* * *
— А-а-а, Константин Алексеевич, — радостно захохотал царь, отпихнул в сторону щупающего руку лекаря, поднялся с трона и пошел навстречу. — Ну, рассказывай!
— О чем?
— Про все, про все рассказывай, от начала и до конца, — он подошел ближе, взял Росина за плечи: — Опять ты в этой рясе потертой! Попросить, что ли, Иосифа Матвеевича новую тебе выдать? — Потом глянул ему через плечо и поинтересовался: — Этот, что ли, колдун?
— Этот, — оглянулся на саама Костя.
— Да отстань ты, надоел! Толку с тебя никакого, только мешаешься вечно рядом…
Росин резко, до боли в шее, повернул голову к государю, но понял, что слова относятся не к нему, а к немецкому лекарю. Тот и вправду попятился.
— Опять кости разболелись, — пожаловался Иван Васильевич. — Упроси самоеда, пусть еще своего зелья сварит.
— А сварил, московский царь, — обойдя боярского сына Толбузина и Костю, подступил к государю колдун и протянул деревянную овальную емкость. — Мало пей. Язык макни. Хватит. Ты хороший человек. Ты хороший царь. Тебе много не надо.
— Ну, спасибо тебе, ведун северный, — на диво добродушно улыбнулся царь, наклонившись за бутылочкой, потов выпрямился и расправил плечи: — Ну, Константин Алексеевич, чем пожаловать тебя ныне за службу верную?
— За какую службу? — поинтересовался Росин, опять оглянувшись. На этот раз на опричника.
— Донесли мне по весне, что вышел-таки султанский паша из Азова, несчитано янычар с собой ведя, десять галер по реке, да еще и татары к нему многими родами по пути присовокупились, — вернулся к трону Иван Васильевич. — А вот другая грамота, от воеводы астраханского. И пишет он…
«…а о басурманах тебе скажу, государь, что ждали мы их цельное лето, но не дождались. А по осени, в снегу, пришли на нас два десять тысяч османов, с берега на нас посмотрели, да назад ушли. За морок их принявши, долго мы ждали, а опосля по следу татар пустили. Конники сии морока не нашли, а нашли мертвых рабов султанских числом десять тысяч, и еще тысяча…».
— Ага, — с явным сомнением кивнул Росин. — Получилось, значит. Как же это?

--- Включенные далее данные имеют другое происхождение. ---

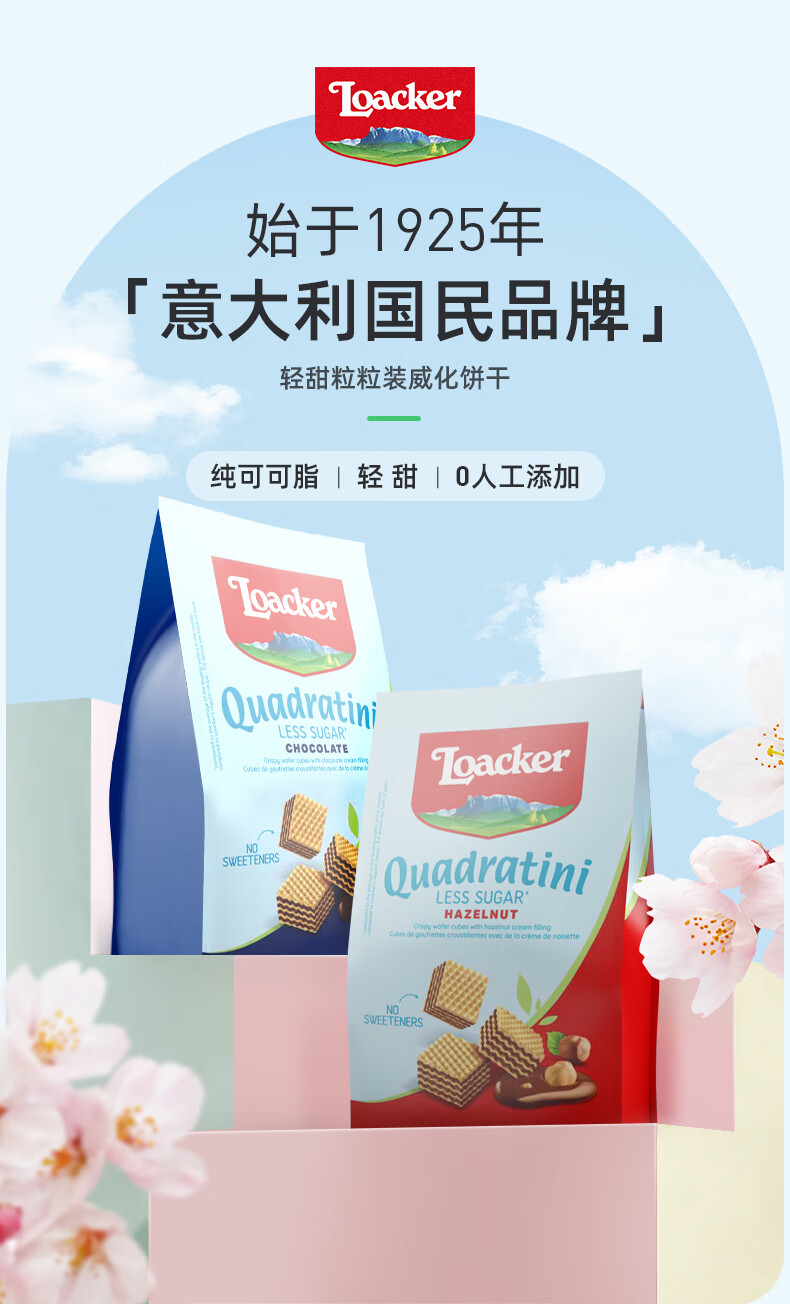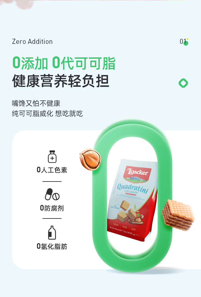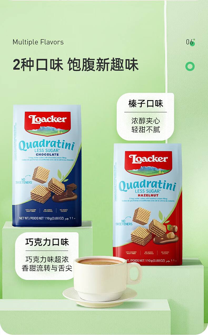 莱家轻甜型粒粒装威化110g 巧克力味/榛子味 纯可可脂 轻甜 057327/057328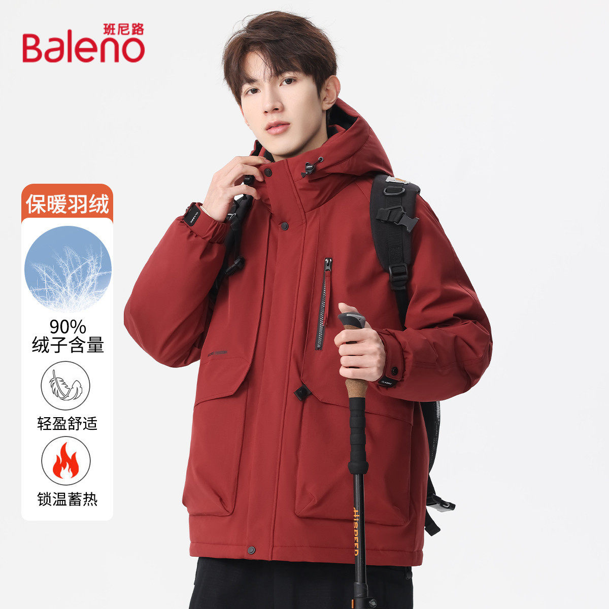 班尼路羽绒服男秋冬新款红色外套本命年夹克保暖男装衣服派克服J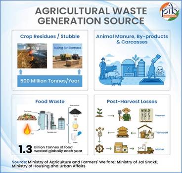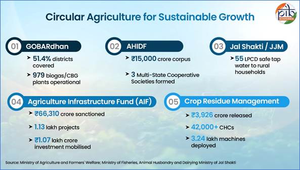 The government is implementing various policies to promote circularity in agriculture and allied sectors by converting waste into valuable resources. Initiatives such as Galvanising Organic Bio-Agro Resources Dhan (GOBARdhan) and Crop Residue Management are transforming agricultural, animal, and food waste into organic manure.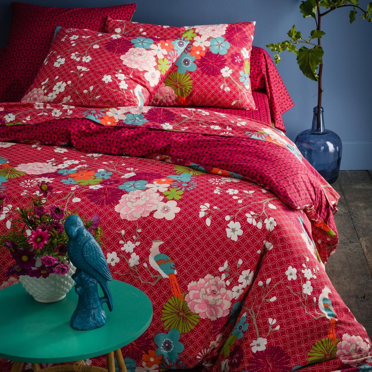 Miss China reversible pure cotton duvet cover, floral print on the front, small motif print on the back. A stunning combo of Japanese motifs and shimmering colours.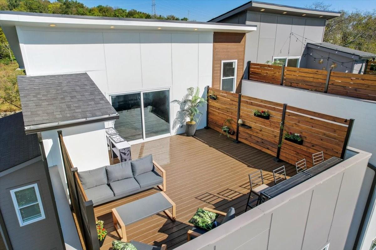 This home is pure Nashville energy — bold, modern, and designed to impress. With skyline views from the front-facing windows and an unforgettable rooftop experience, this property delivers lifestyle, flexibility, and high-end appeal in one powerful package. Walls of windows flood the home with natural light, while the open floor plan creates a space that feels expansive, social, and effortless. Multiple decks and patios elevate everyday living, all leading to the crown jewel: a massive rooftop deck with panoramic views of the Nashville skyline. Whether it’s morning coffee, sunset cocktails, or city lights at night, this rooftop sets the tone for entertaining and enjoying the city from above. Inside, the finishes are clean, elevated, and intentional. Wood flooring spans every level, paired with upgraded touches throughout. The kitchen anchors the main living space with sleek granite countertops, stainless steel appliances, a large center island with additional storage, and two oversized pantries. The living, dining, and kitchen areas flow seamlessly, making the home ideal for hosting, relaxing, and living well. The primary suite features a private deck — perfect for quiet mornings or winding down in the evening. An entertainment level with wet bar opens directly to an approximately 400-square-foot rooftop deck, creating a true indoor-outdoor experience. A flexible fourth room provides space for a home office, creative studio, or guest accommodations. Located just 10 minutes from downtown Nashville and Broadway, this home sits in a fast-growing area surrounded by continued development and investment. An additional opportunity exists to purchase the neighboring property at 1229 N Avondale Cir, offering flexibility for expanded ownership or creative use (buyer to verify all zoning, permits, and use requirements). High-impact design, skyline views, and serious lifestyle appeal — this is Nashville living turned all the way up.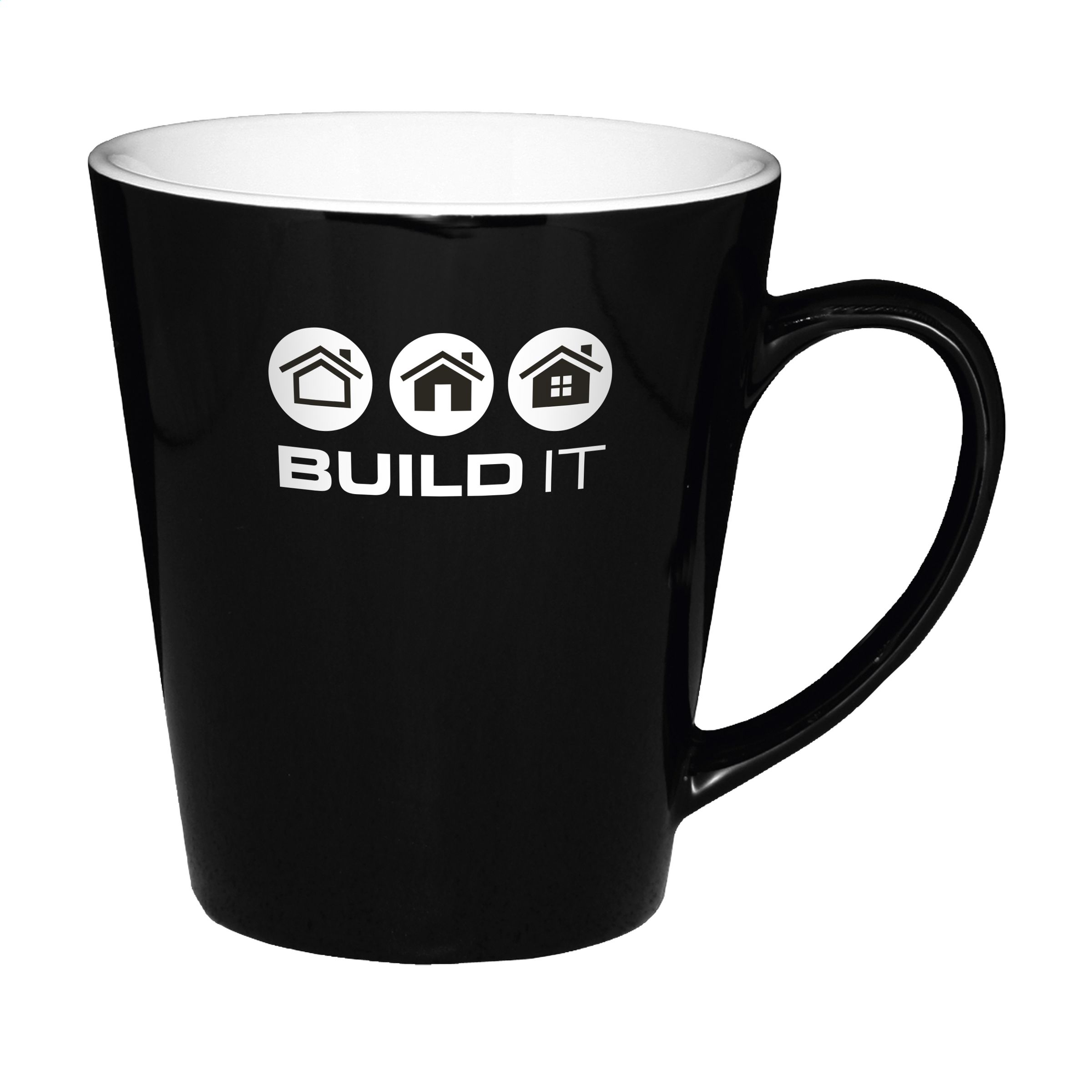 Zeitgenössische Qualitätstasse aus Keramik. Komplett in weiß oder mit farbiger Außenseite. Fassungsvermögen 310 ml. Spülmaschinengeeignet. Der Aufdruck ist spülmaschinengeprüft und nach EN 12875-2 zertifiziert.

— Земля русский, — сообщил саам. — Чужой не берет.
— Значит, получилось… — повторил Росин.
— Так что, Константин Алексеевич, — положил руки на подлокотники Иван Васильевич. — Чудишь ты всегда с желаниями. Хочу услышать, что на этот раз попросишь?
— А попрошу… — запнулся Костя. — Понимаешь, государь. Мы, когда с боярином Андреем дело сие замышляли, наобещали колдунам многое. Ну, кол, там, обещали. Золото. Землю. Помню я, шаман этот сказывал, что новгородцы, будучи во власти, племя его притесняли сильно. Посему прошу: отдай ему, государь, земли племени самоедского, в вечное наследное владение. Дабы более не злоумышлял никто.
— Ну… — кивнул царь. — Просишь, вижу, как всегда не себе… Но много ли там земли самоедской? Могу ли обещать, того не зная? Много земли у вашего племени, самоед?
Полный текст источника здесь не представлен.